Salas tested everything from sharp, modern lenses to true vintage glass, paired with a variety of cameras – eventually selecting the RED V-RAPTOR 8K VV (so new at that point it wasn’t even on the shelves yet) teamed with Panavision Panaspeed lenses.

“What was great about that combination is that the RAPTOR is a very small camera. I knew that we would be shooting mostly in practical locations – and off a compact remote head – so it made for an incredibly small footprint. But, equally, we could quickly go from studio mode to Steadicam to remote head to Technocrane back to dolly. My AC was able to make a functional, fast-moving camera build,” he enthuses.

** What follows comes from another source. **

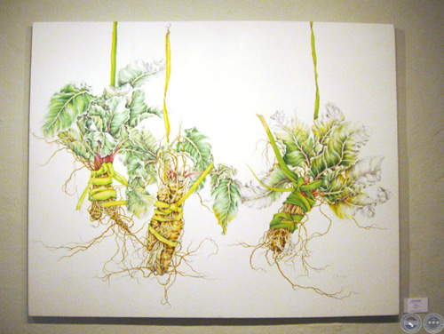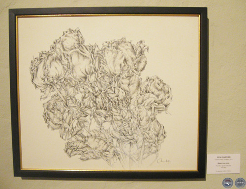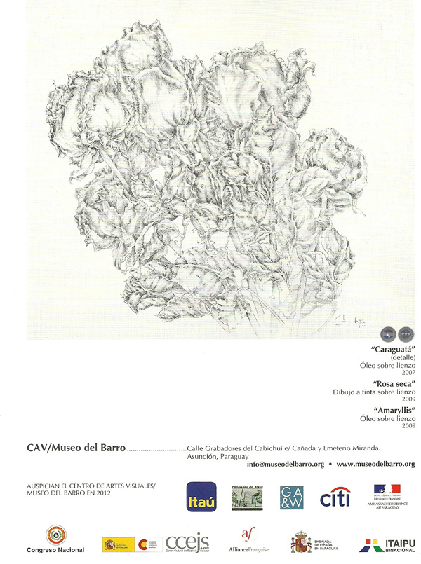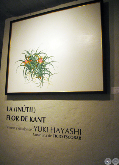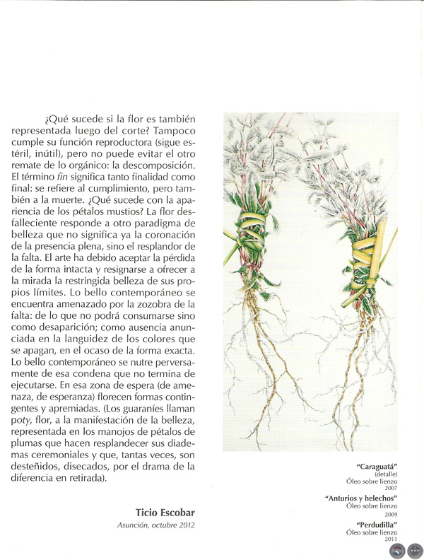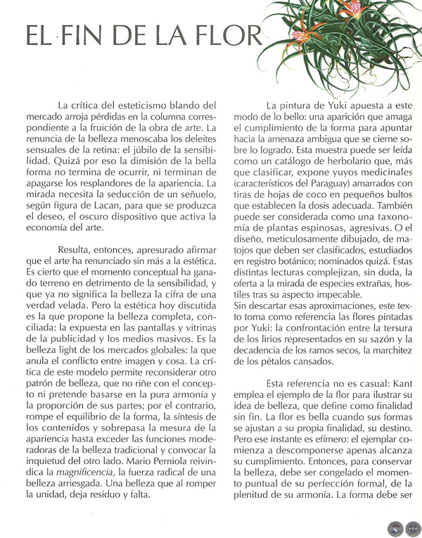 (…) La pintura de Yuki apuesta a este modo de lo bello: una aparición que amaga el cumplimiento de la forma para apuntar hacia la amenaza ambigua que se cierne sobre lo logrado. Esta muestra puede ser leída como un catálogo de herbolario que, más que clasificar, expone yuyos medicinales (característicos del Paraguay) amarrados con tiras de hojas de coco en pequeños bultos que establecen la dosis adecuada. También puede ser considerada como una taxonomía de plantas espinosas, agresivas. O el diseño, meticulosamente dibujado, de matojos que deben ser clasificados, estudiados en registro botánico; nominados quizá. Estas distintas lecturas complejizan, sin duda, la oferta a la mirada de especies extrañas, hostiles tras su aspecto impecable. Sin descartar esas aproximaciones, este texto toma como referencia las flores pintadas por Yuki: la confrontación entre la tersura de los lirios representados en su sazón y la decadencia de los ramos secos, la marchitez de los pétalos cansados.(…)

On the lens front, Salas adored the Panaspeeds’ pleasant rendering of skin tones, but also their consistency from lens to lens, mechanically and optically – something that likely wouldn’t have been possible with a true vintage lens. “It gave me comfort because I knew I was going to be very aggressive with the lighting and contrast ratios,” he shares.

Lessons Learned

Looking back on the project, Salas is especially proud of the cohesiveness of the final look and the way it came together visually. “When Griselda is at Mutiny, for example, there are all these mosaic ceiling pieces with copper and gold, and all these interactive lights. There’s a lot going on, but it’s the same LUT, camera and lensing as when we’re shooting June’s storyline, which is much more austere. She’s confined by the lines and architecture of the homicide department, the colours are subdued – that’s all being executed in terms of lighting, colour of the light, wardrobe, set dressing, location choices. So you have these drastically different looks that progress over the course of the show, but it’s woven into the fabric of the scene. I’m proud that, from the most austere to the most lavish moments in terms of colour and lighting, they feel authentic.”

As his first large project shooting on a RED camera, and his first time using Panaspeeds, Salas was keen to step out of his comfort zone on Griselda – something he sees as essential to creative development. “A lesson I keep trying to teach myself is to take chances and be bold,” he concludes. “If you are being true to the story and the vision of the director, it’ll pay off.”